# Fish oil



## caboodles (Jan 7, 2011)

I give Hudson and Winston the cod liver oil caps twice a week with their food. I know it's supposed to be very beneficial for this skin, hair and eyes. My vets told me that they don't need any supplements because they're probably getting enough nutrients from their food already, but I figured that they're puppies.. and could benefit from the Vitamin A & D now in order to make them strong for the future.

I would say 1/2 a tsp should be sufficient for your little guys! I like the caps because I find the pure liquid to be rather stinky.. This way, they usually just chew on the cap thing and swallow it, no mess and no stink. I get them from Costco (Kirkland brand) so they MAY come in just a pure liquid form as well, I'm not too sure! Either way, for some reason.. they love their cod liver oil!


----------



## JE-UK (Mar 10, 2010)

I keep a bottle of fish oil capsules around for me and the S.O., and chuck one in the dog's bowl a couple of times a week, on the theory that it can't hurt :smile:. There is a growing body of research that shows fish oil has lots of benefits, for many species.

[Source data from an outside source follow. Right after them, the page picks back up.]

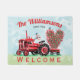 古い赤いヴィンテージ農園トラクターが車に2つのブルーバードを乗せたフローラハートを引っ張り、青い空と緑の草の夏のシーンを背景にしたウェルカムマット。トラクター上の文字読「20xx以来ウィリアムソンズ」。自分の家族の名前と年でパーソナライズし、トラクターの下の読文字"歓迎"。世界的に有名なアーティストのティム・コーフィーがデザイン。
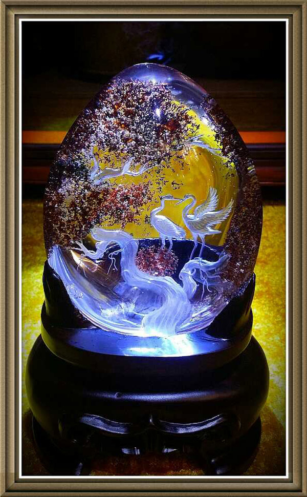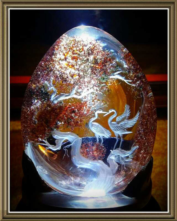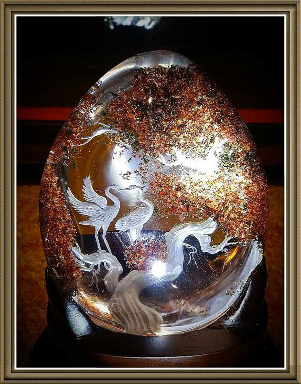 天然內景內雕奇石鑒賞:最有趣的是第一幅,無心的光影投射,營造出仙鶴巢中的仙鶴蛋之幻影效果,天然水晶中的火山灰(綠泥石)包裹體結合內雕大師巧奪天工的雕刻技藝,用天人合一之鬼斧神工展現出一段美侖美奐的晶世之作!
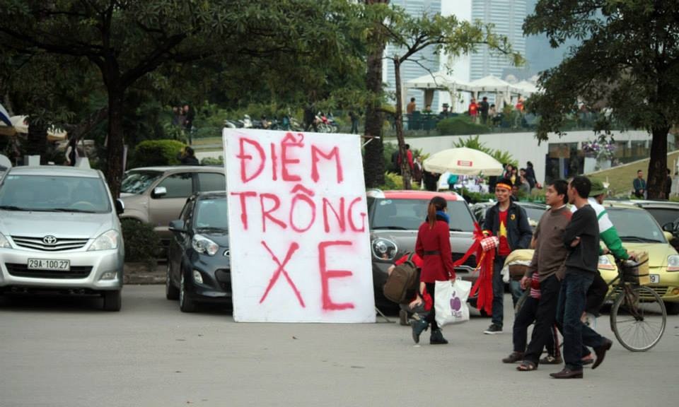 | Càng gần tới giờ bóng lăn, các bãi gửi xe càng "kiêu" và dễ dàng hét giá tới nửa triệu cho mỗi lượt gửi ôtô, 100.000 đồng/lượt gửi xe máy. |
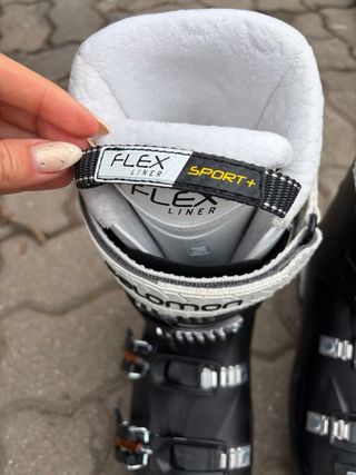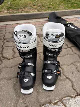 Botas de esquí Salomon con forro interior Flex Liner. PRECIO NEGOCIABLE - Color negro y blanco. - Cierre con hebillas en cobre y plata - Logo de Salomon en la caña. - Detalle Flex Sport+ en la parte superior. - 70 wide - Calf adjuster - Oversized pivot para mas holgura y comodidad Buen estado, con uso medio pero muy buen cuidado (se aprecia en la suela) PRECIO NEGOCIABLE
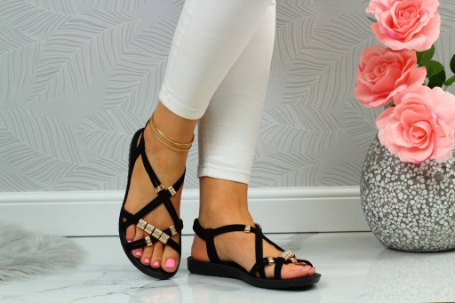 Damskie sandały w kolorze czarnym na płaskim spodzie. Sprawdzą się zarówno jako obuwie na co dzień w letnie, upalne dni oraz jako obuwie na specjalne okazje. Prosty fason dopasuje się wielu stylizacji a ozdobne koraliki dodadzą uroku każdej z nich. Elastyczny pasek przy pięcie ułatwia zakładanie obuwia oraz dopasowanie do stopy.
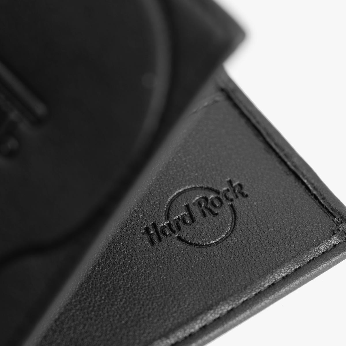 Hard Rock Watch Set with Guitar Wallet in Black Dedicated to all Hard Rock Fans. This set includes a one of a kind Hard Rock watch that is 35mm in size with a stainless steel case, white dial, contrasting dial markers and black vegan leather band. The set also includes a black vegan leather bifold wallet with an embossed electric guitar. Both come in a special giftable Hard Rock keepsake box.
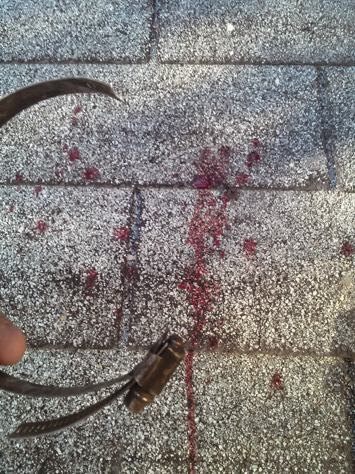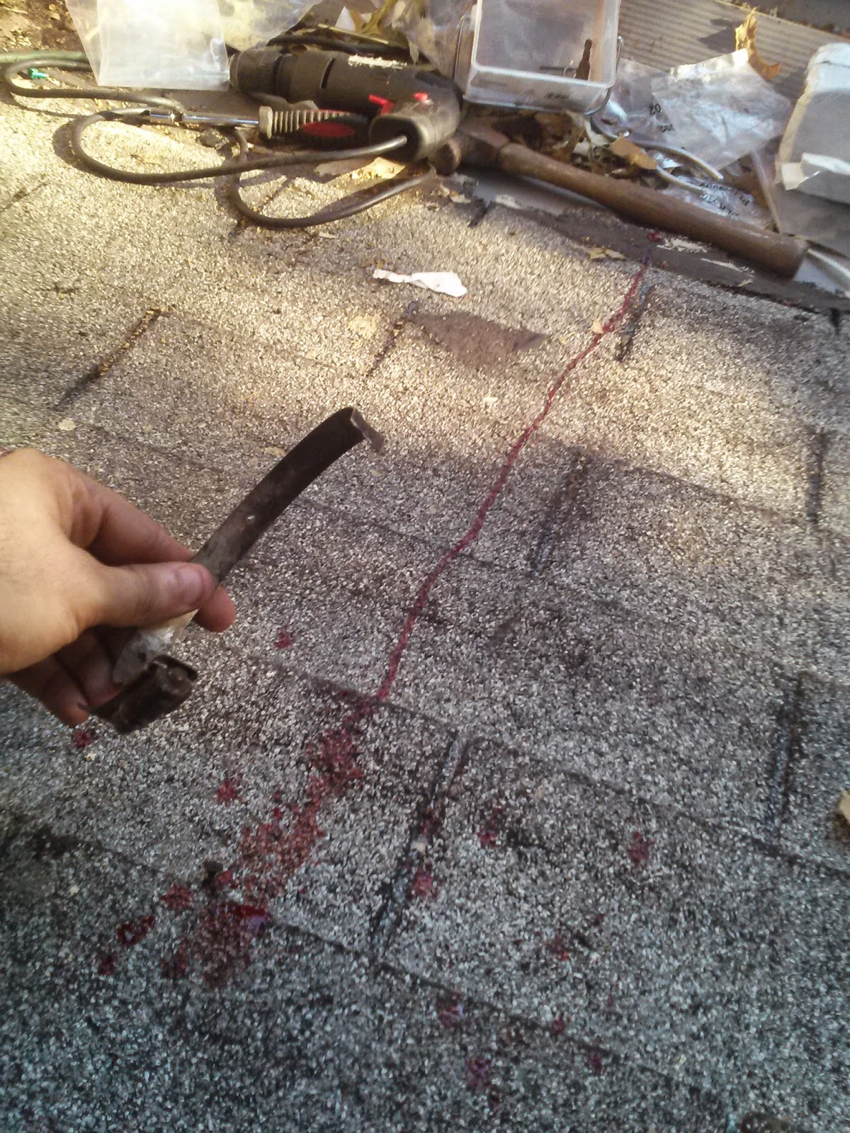 By the time I got to the kitchen sink to wash the gash, there was a river of blood following me... I bandaged it up, got another drink and got back on the roof

We also try to eat sardines or mackerel once or twice a week. And the dog gets some of that too!


----------



## LPacker79 (May 19, 2011)

I tried the capsules with Maggie, it didn't work so well for her. She was interested, but twice she ended up getting the capsule stuck in her ear hair. As amusing as it was to watch her attempt to eat it off of her ear, I decided to find another method. Simply poking a hole in it and squeezing it into her food didn't work so well either; that stuff can squirt pretty far!

With my old dog I just used salmon oil that came in a pump. I never really measured it, just gave it a quick squirt. Obviously I'd use less for Maggie's 11lbs than I did for his 50lbs.


----------



## Purley (May 21, 2010)

OK thanks. I will get some human ones and give one each to the dogs. Hopefully they will eat them. Lucy and Tyson eat anything. Sam, I am not so sure about. I might have to use the squirt one for him.


----------